NPS faculty members Bret Michael, chairman of the Cyber Academic Group, and Ric Romero, who runs the Center for Joint Services Electronic Warfare, each brought a wealth of field experience in EW and cybersecurity, respectively. Lt. Col. Michael Senft, Military Faculty Lecturer in the computer science department, is a career Army Information Network Engineering Officer. CCW Faculty Research Associate Darren Rogers recently retired following a 24-year Navy career – enlisted and officer – in the Information Warfare community.
“Having been part of the Navy starting in the early ’90s, I’ve seen first-hand how things have changed with the ever-networked world and the proliferation of technologies the Navy has leveraged in the electronic and information warfare environments,” Rogers said.
It’s the ability to tap into diverse and multi-service expertise like this that truly sets NPS apart, Bollmann stresses, uniquely positioning the university to undertake this study.
“NPS is by nature joint and interdisciplinary,” Bollmann said. “Our ability to combine both the deep academic expertise plus the military practitioners in uniform with diverse kinds of fleet experience and fleet connections really is why we were chosen to conduct this study.”
With recent deployment experience as the Cryptologic Resource Coordinator at Naval Special Warfare Development Group (NSWDG), Lt. Matt Litton, a Navy Cryptologic Warfare Officer and current Ph.D. student in NPS’ Department of Computer Science, provided first-hand operational experience to the depth of the study.

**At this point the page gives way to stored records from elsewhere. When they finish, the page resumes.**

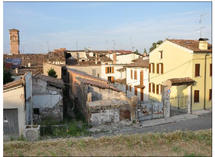
Prospetto su via Don Minzoni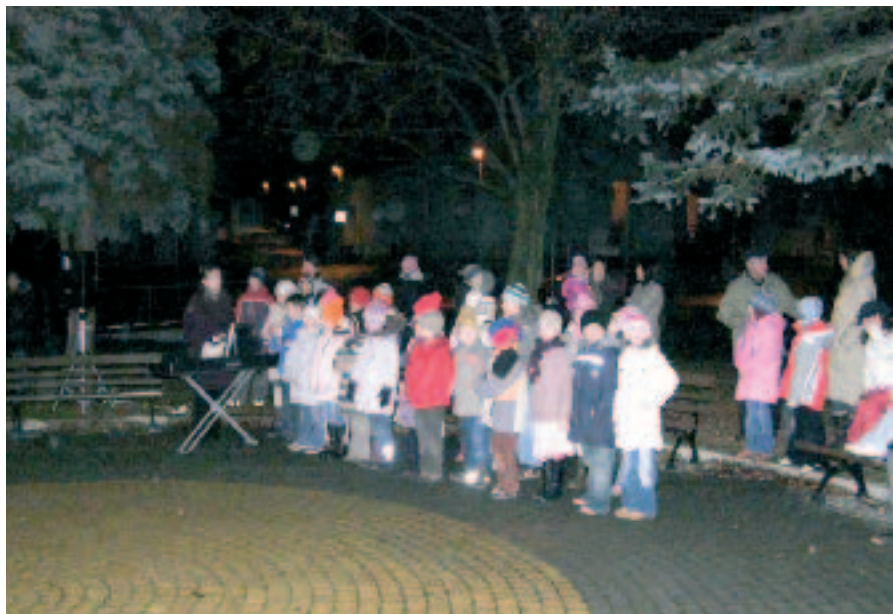
Děti naší školy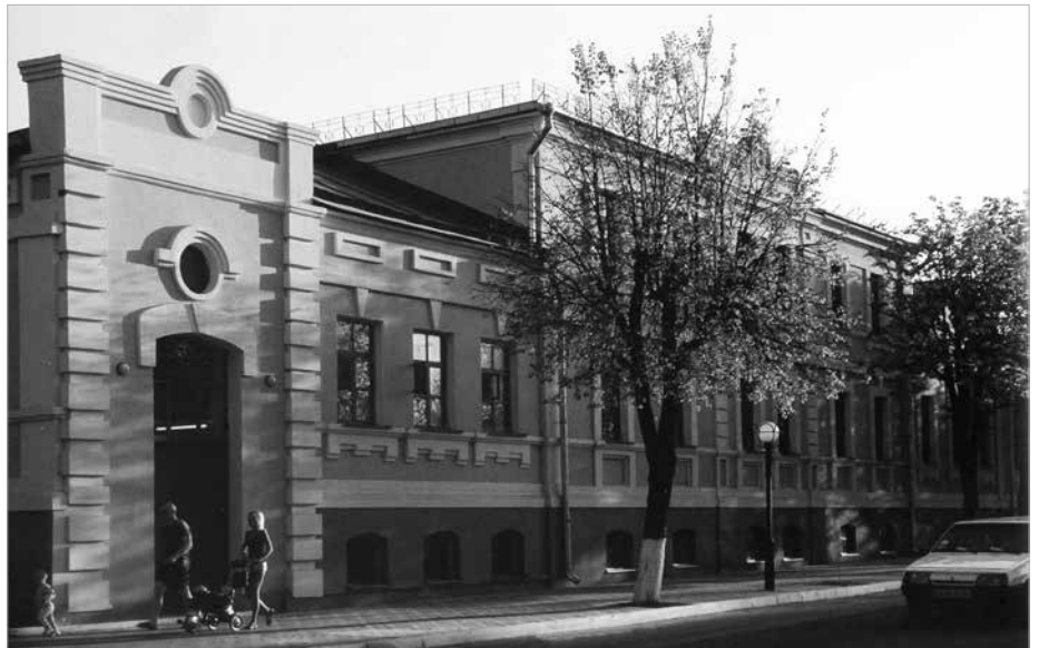
Пам'ятка історії «Безплатна лікарня св. Єфросинії». Сучасний вигляд

Основи фінансової могутності Терещенків були закладені після реформи 1861 р. Саме тоді Артемій зацікавився новою для України цукровою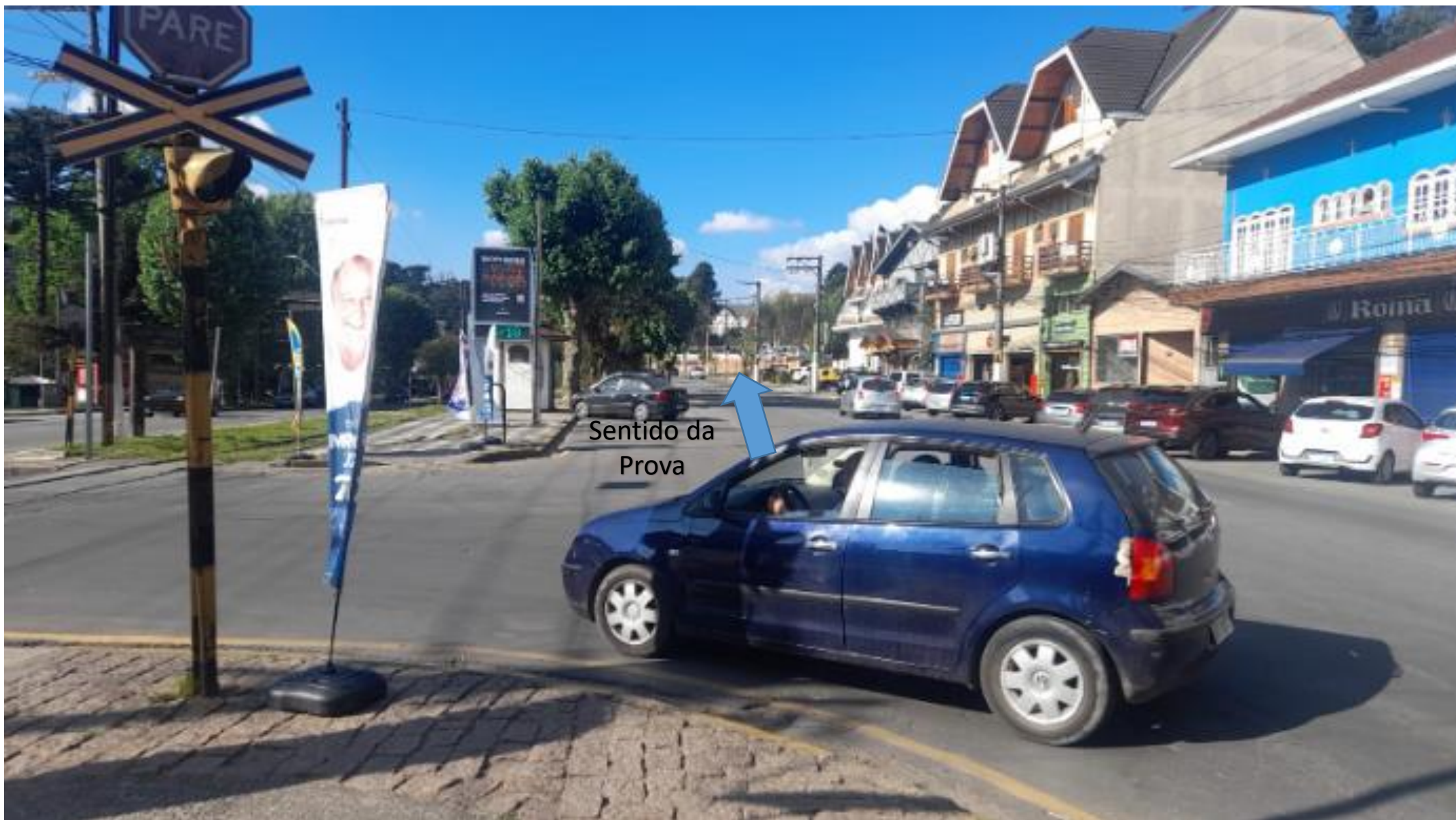
Bifurcação 06: Acesso dos carros à Av. Frei Orestes (Roma)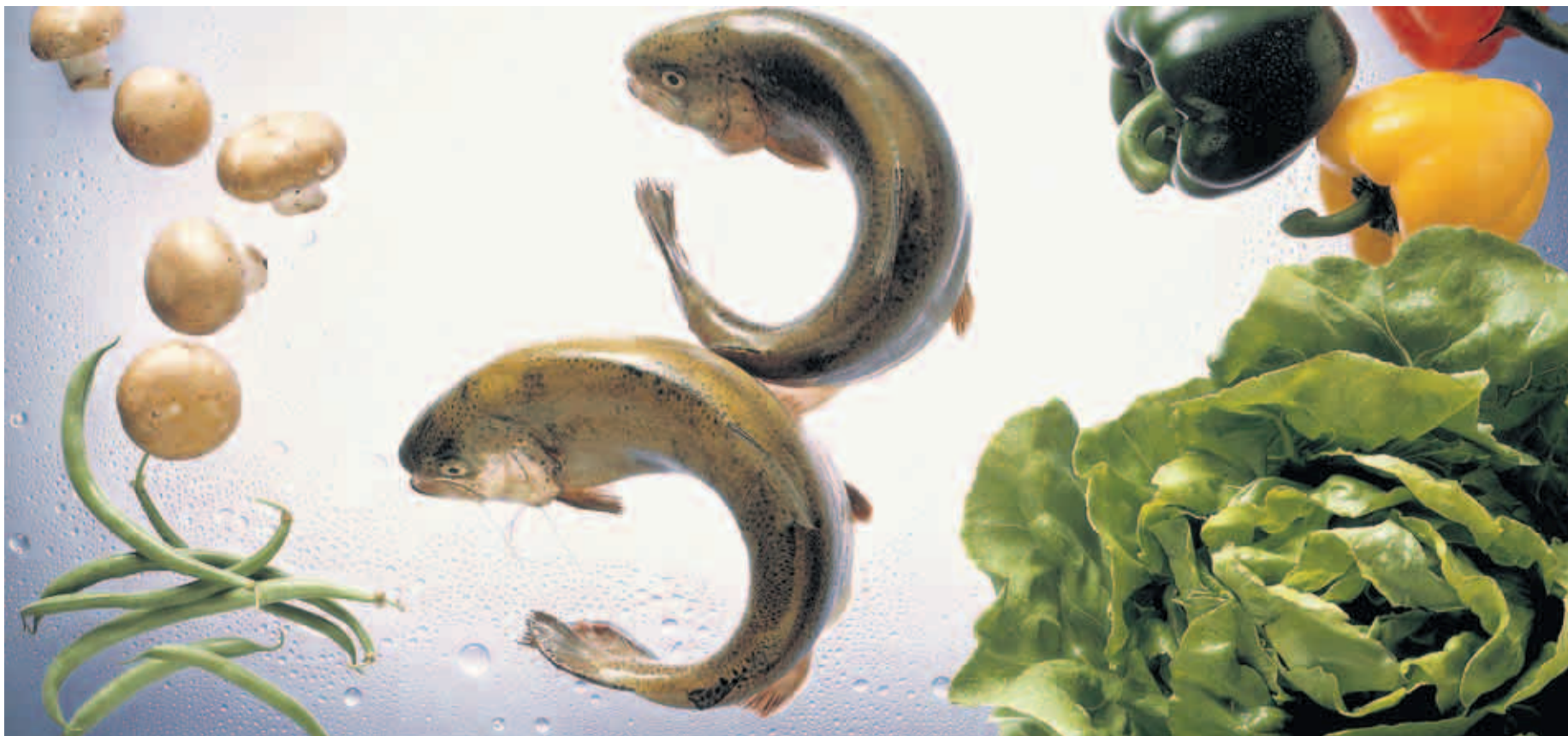
Viel Gemüse und dazu eiweißreiche Beigaben wie Fisch. Eine solche Diät soll große Geschwüre am Wachstum hindern. Doch der wissenschaftliche Nachweis steht noch aus

Doch eine solche Diät kommt nicht für jeden Patienten infrage. Sie ist ausschließlich bei weit fortgeschrittenen Tumoren sinnvoll, die bereits auf die Milchsäuregärung umgestellt haben. Ob das der Fall ist, lässt sich mithilfe einer Untersuchung mittels Positronen-Emissions-Tomografie (PET) feststellen. Die Zuckermenge, die ein Geschwür aufnimmt, ist bestimm-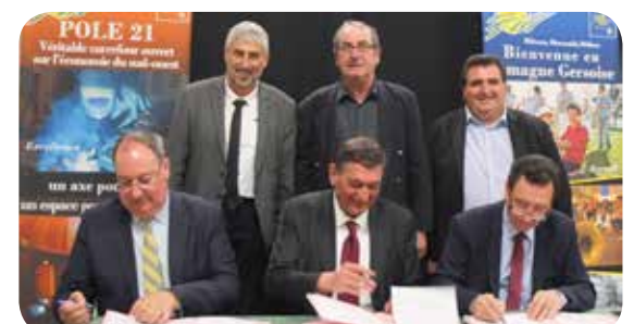
Convention de partenariat pour l'innovation signée avec Michel Sesques, président d'Airbus Développement, lors de la soirée POLE 21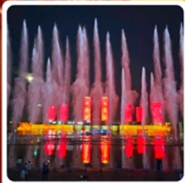
น้ำพุคังปาสือ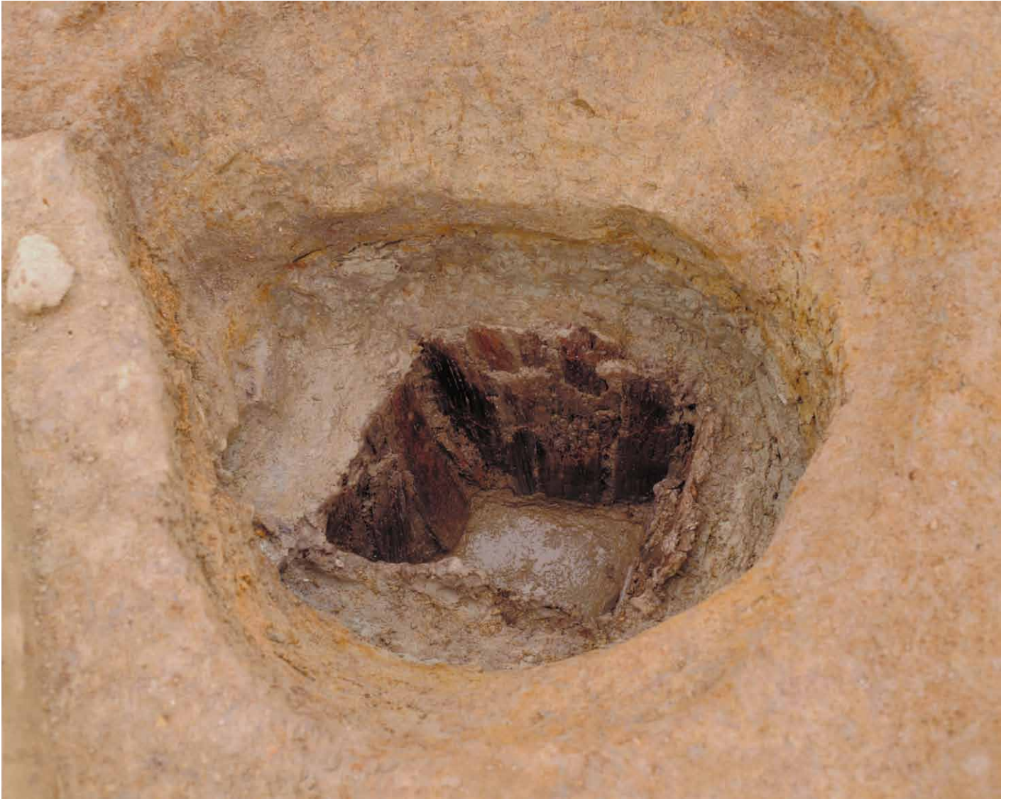
写真 64. 条坊跡第 275 次調査 275SE245 井戸枠出土状況（南から）

“Combatant commanders are looking for increasingly flexible, low-cost and reversible response options to hold near-peer adversaries at risk, and the convergence of EW and cyber provides a key component of that strategy,” Litton explained.
“At the end of the day, these are distinctions [between EW and cyber] that our adversaries, and even some other services, are not making,” Bollmann added. “That is the ball that has to be moved forward, and Matt’s fresh experience grounds our analysis and recommendations so that we stay operator-centric and focused on Fleet capabilities.”